What to do —
Transcribe the listing below verbatim, omitting pictures.

Data block —
************
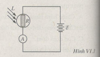 Trên Hình VI.1, ta có \(\xi :\) bộ pin \(12V – 1\Omega ;\) có thể là một ampe kế hoặc micrôampe kế; \(R\) là một quang điện trở; \(L\) là chùm sáng thích hợp chiếu vào quang điện trở.
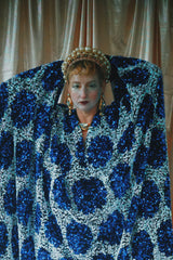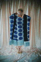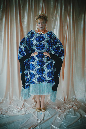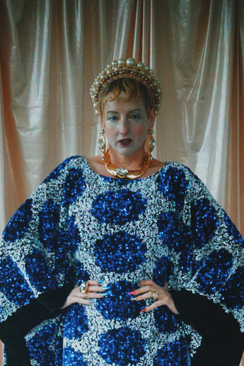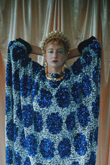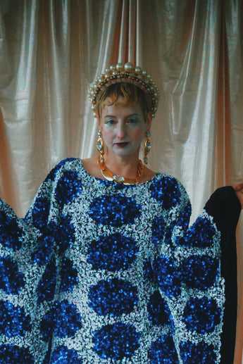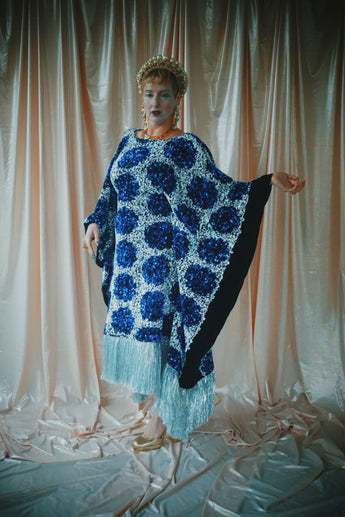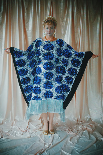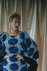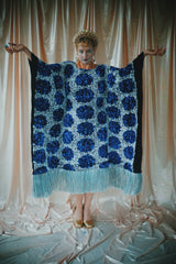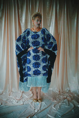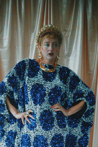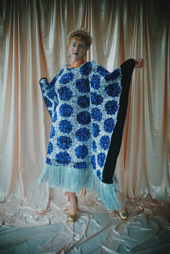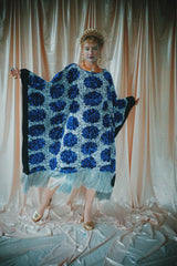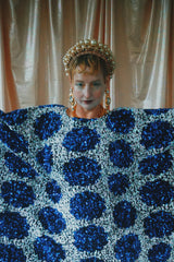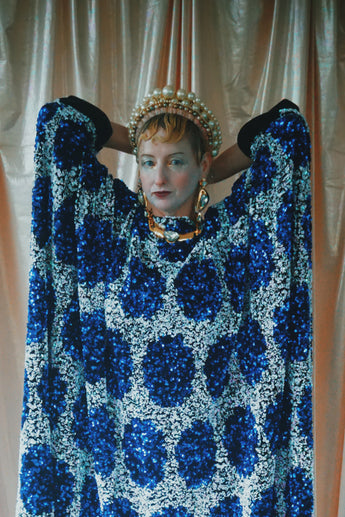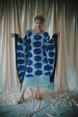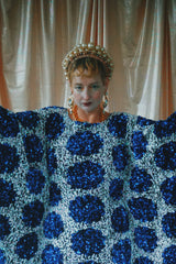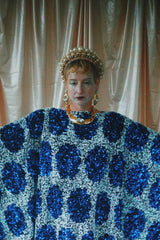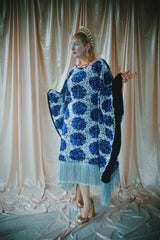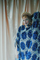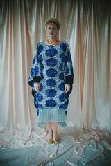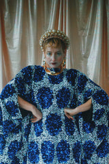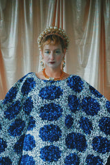 No.13 Dotty Daydream Blue and white spotted Midi round neck tinsel kaftan Gown
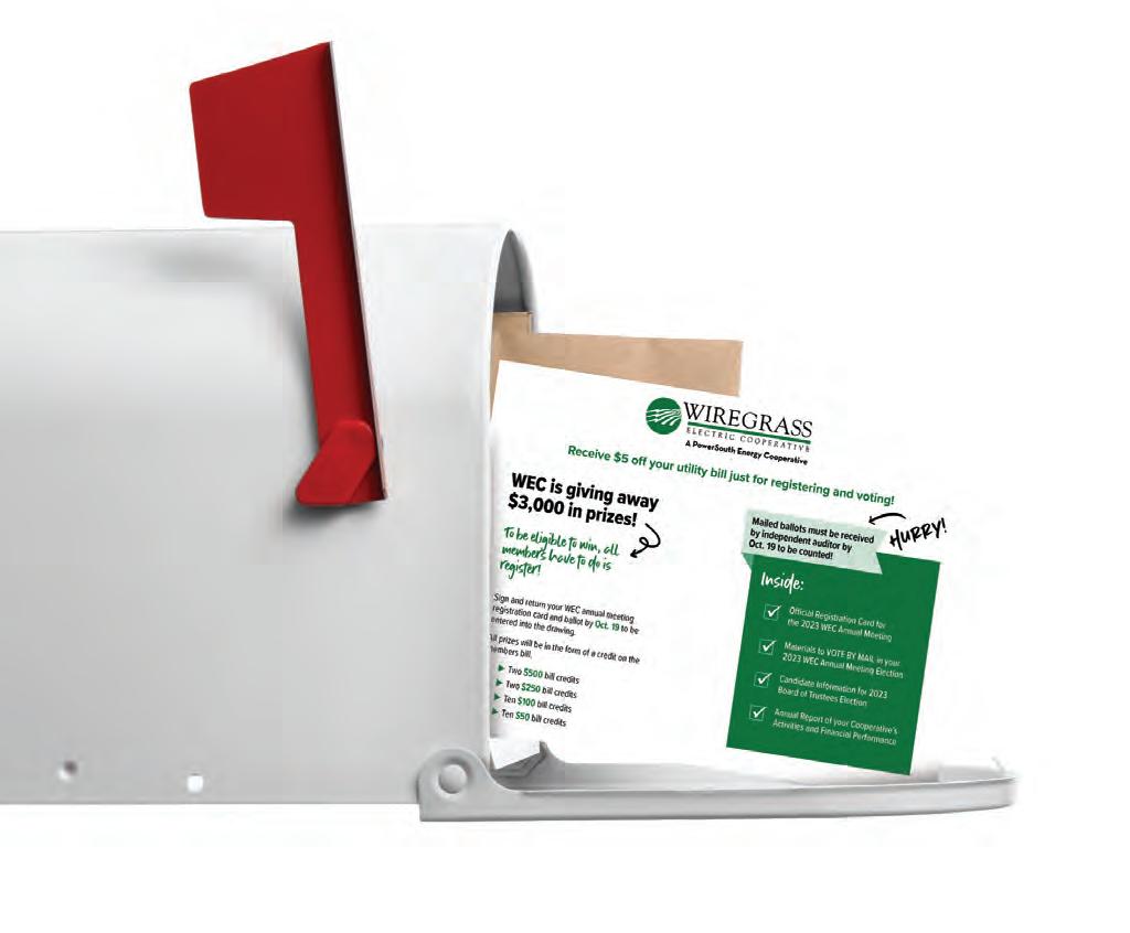 Look out for the Wiregrass Electric Cooperative 2023 Annual Meeting packet, arriving in your mailbox soon. This packet is your guide to understanding what we have achieved together in the past year and where WEC is heading next. It includes:
************
Solution to this task —
 Trên Hình VI.1, ta có \(\xi :\) bộ pin \(12V – 1\Omega ;\) có thể là một ampe kế hoặc micrôampe kế; \(R\) là một quang điện trở; \(L\) là chùm sáng thích hợp chiếu vào quang điện trở.
 No.13 Dotty Daydream Blue and white spotted Midi round neck tinsel kaftan Gown
 Look out for the Wiregrass Electric Cooperative 2023 Annual Meeting packet, arriving in your mailbox soon. This packet is your guide to understanding what we have achieved together in the past year and where WEC is heading next. It includes:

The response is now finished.